Instructions to follow → When you transcribe the entries below, begin at their first line and stop after the line containing "应测绘与空间信息工程学院邀请"; pictures stay out.

Records from a collection →
::::::::::

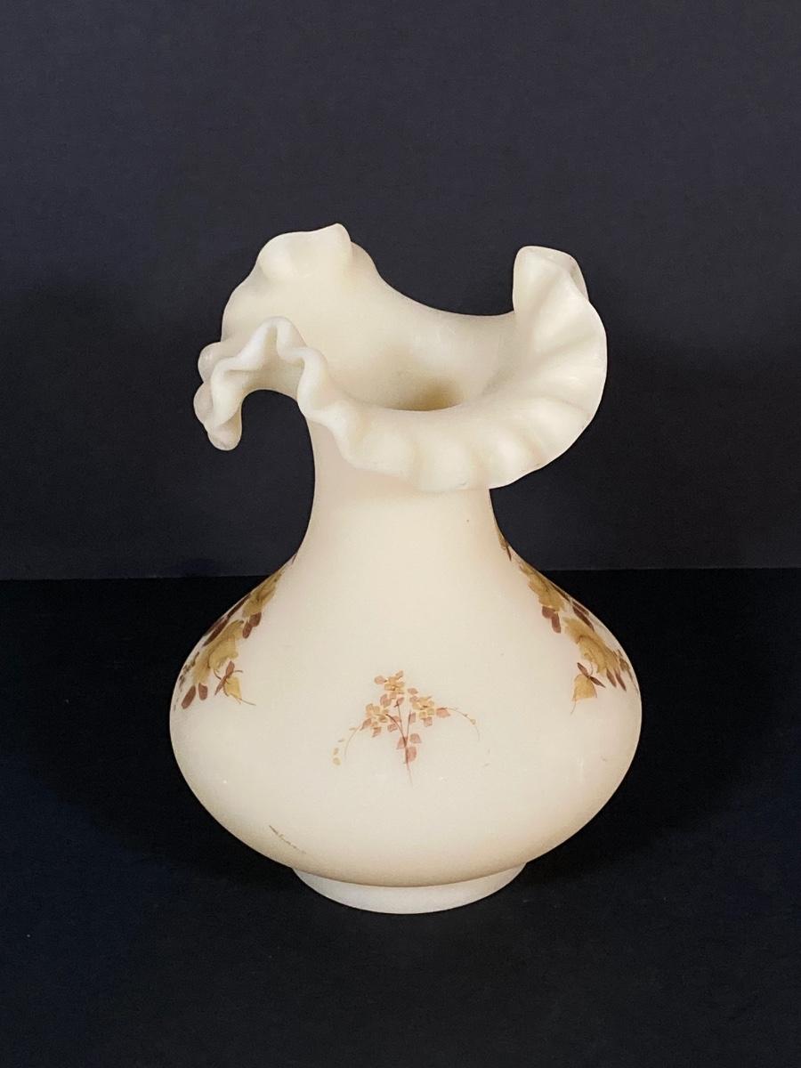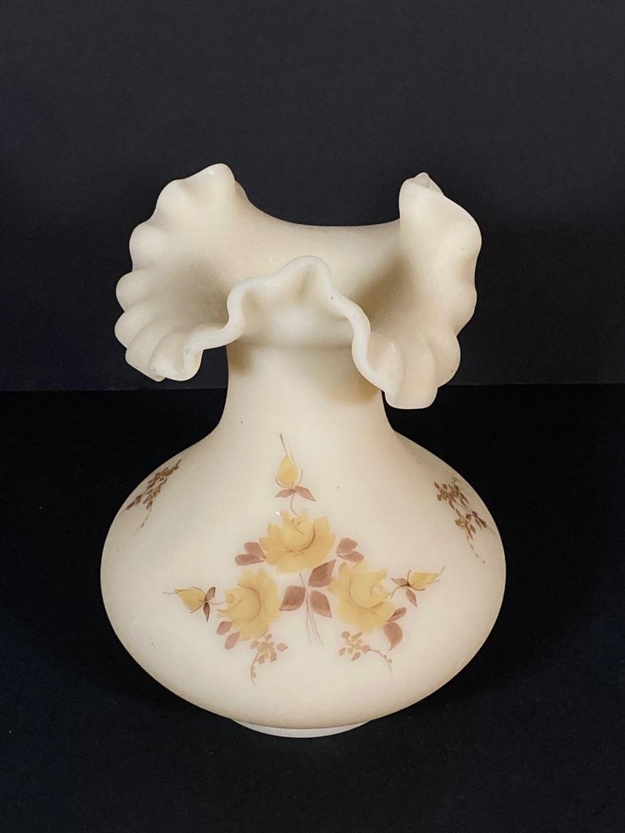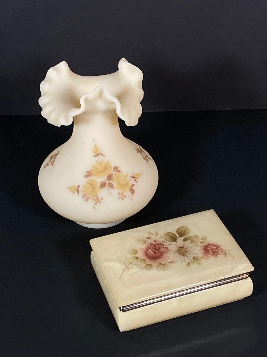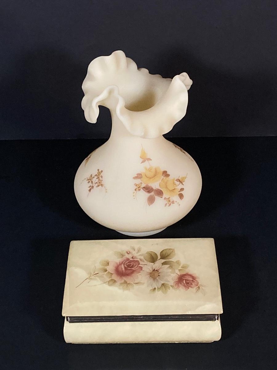 LOT 224: Satin Ruffled Top Hand Painted Fenton Vase and Floral Trinket Box
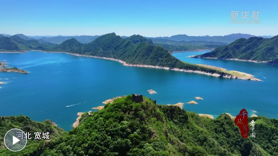 7月13日,在潘家口水库拍摄的露出水面的长城(无人机照片)。新华社资料片
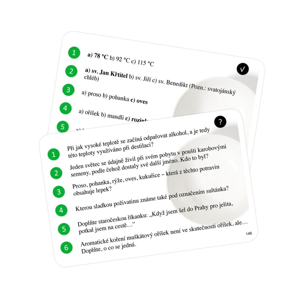 Vedeli ste, že v prestížnej svetovej encyklopédii syra je len jediný český syr, a tým sú Olomoucké tvarůžky? Viete, koľko dní trvá v našich pivovaroch hlavné kvasenie ležiaka vo vertikálnych tankoch? Vedeli by ste, že Jamón Ibérico de Bellota je najdrahší a najkvalitnejší šunka na celom svete?
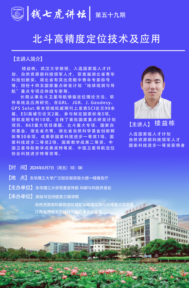 应测绘与空间信息工程学院邀请,武汉大学教授,入选国家级人才计划、自然资源部科技领军人才楼益栋到“三亿体育(中国)官方网站”,以“北斗高精度定位技术及应用”为主题开展讲座。欢迎全校师生届时前往聆听。
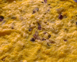 2 яйца, немного молока и муки, половина красной луковицы, 2 стловые ложки зерненого творога, соль, перец
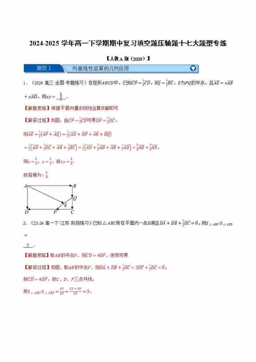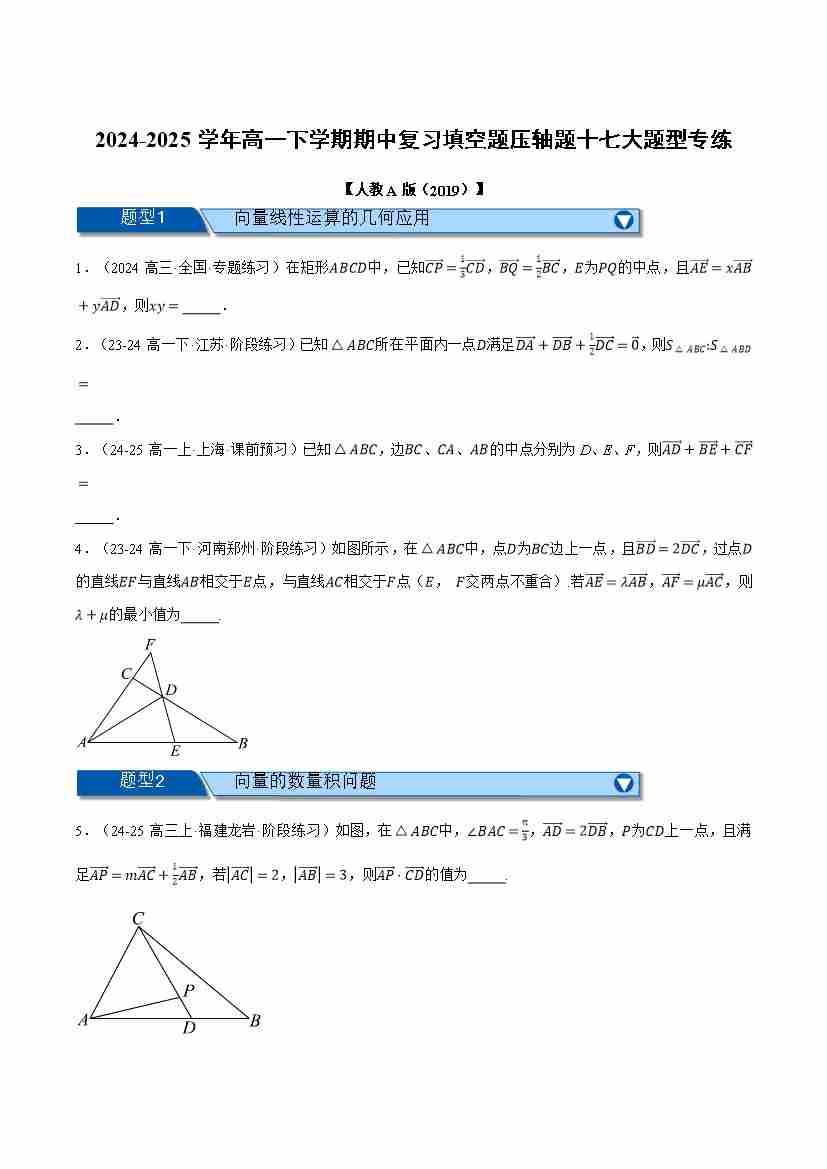 高一下学期期中复习填空题压轴题十七大题型专练(学生版)
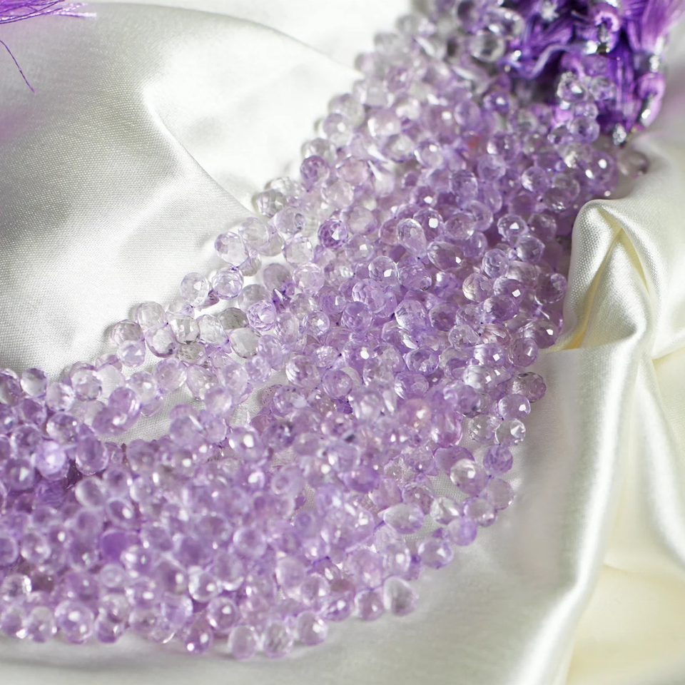 Brazilian Pink Amethyst Faceted Drops Beads 5X7MM Side Drill Elegant Shape Stone for Jewelry Making

::::::::::

Expected answer →
 LOT 224: Satin Ruffled Top Hand Painted Fenton Vase and Floral Trinket Box
 7月13日,在潘家口水库拍摄的露出水面的长城(无人机照片)。新华社资料片
 Vedeli ste, že v prestížnej svetovej encyklopédii syra je len jediný český syr, a tým sú Olomoucké tvarůžky? Viete, koľko dní trvá v našich pivovaroch hlavné kvasenie ležiaka vo vertikálnych tankoch? Vedeli by ste, že Jamón Ibérico de Bellota je najdrahší a najkvalitnejší šunka na celom svete?
 应测绘与空间信息工程学院邀请,武汉大学教授,入选国家级人才计划、自然资源部科技领军人才楼益栋到“三亿体育(中国)官方网站”,以“北斗高精度定位技术及应用”为主题开展讲座。欢迎全校师生届时前往聆听。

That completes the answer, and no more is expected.